Theaflavin 3,3'-digallate(茶黄素-3,3'-双没食子酸; TF-3; ZP10)是一种有效的寨卡病毒(ZIKV)蛋白酶抑制剂,IC50值为2.3μM[1]。Theaflavin 3,3'-digallate是一种多酚类化合物,具有抗炎、抗氧化、抗肿瘤、抗血管生成等多种生物活性[2, 3]。
在体外,Theaflavin 3,3'-digallate(0-25µM)处理OVCAR-3细胞24h,剂量依赖性地抑制了细胞活力,抑制范围为100%至48.3%,下调了血管内皮生长因子(VEGF)和缺氧诱导因子1-α(HIF-1α)来减少血管生成[4]。Theaflavin 3,3'-digallate(0-50µM)处理铂抗性人卵巢癌细胞系A2780/CP70细胞24h,剂量依赖性地抑制了细胞活力,抑制范围为100%至11.38%,诱导了G2细胞周期停滞,降低Akt的磷酸化而不影响总Akt蛋白表达,降低鼠双微体2(MDM2)的蛋白水平[5]。

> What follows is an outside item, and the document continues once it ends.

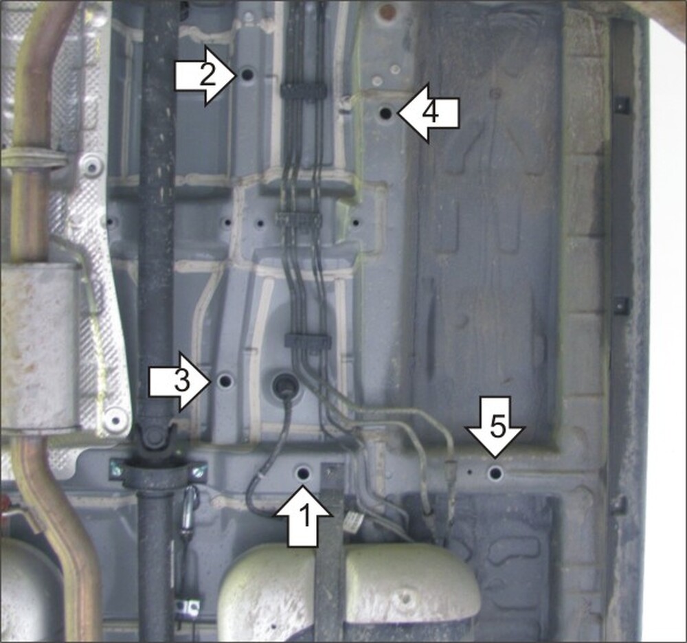 2, 3, 4, 5. Установить на отверстия а/м защиту при помощи ПУ 60х14х6 А20В10 М8 и Болтов М8х20.

在体内,Theaflavin 3,3'-digallate(20、40mg/kg)通过鼻腔给药治疗LPS诱导的肺损伤小鼠,剂量依赖性方式抑制了血清中TNF-α和IL-6的浓度, 显著降低了肺湿重与干重之比,改善了小鼠肺水肿[6]。Theaflavin 3,3'-digallate(5mg/kg)通过口服治疗三硝基苯磺酸(TNBS)诱导的结肠炎的小鼠,抑制了NF-κB核定位、胞质IκB激酶(IKK)活性的增加,并在结肠组织中保留了NF-κB抑制蛋白(IκBα),改善了小鼠结肠炎[7]。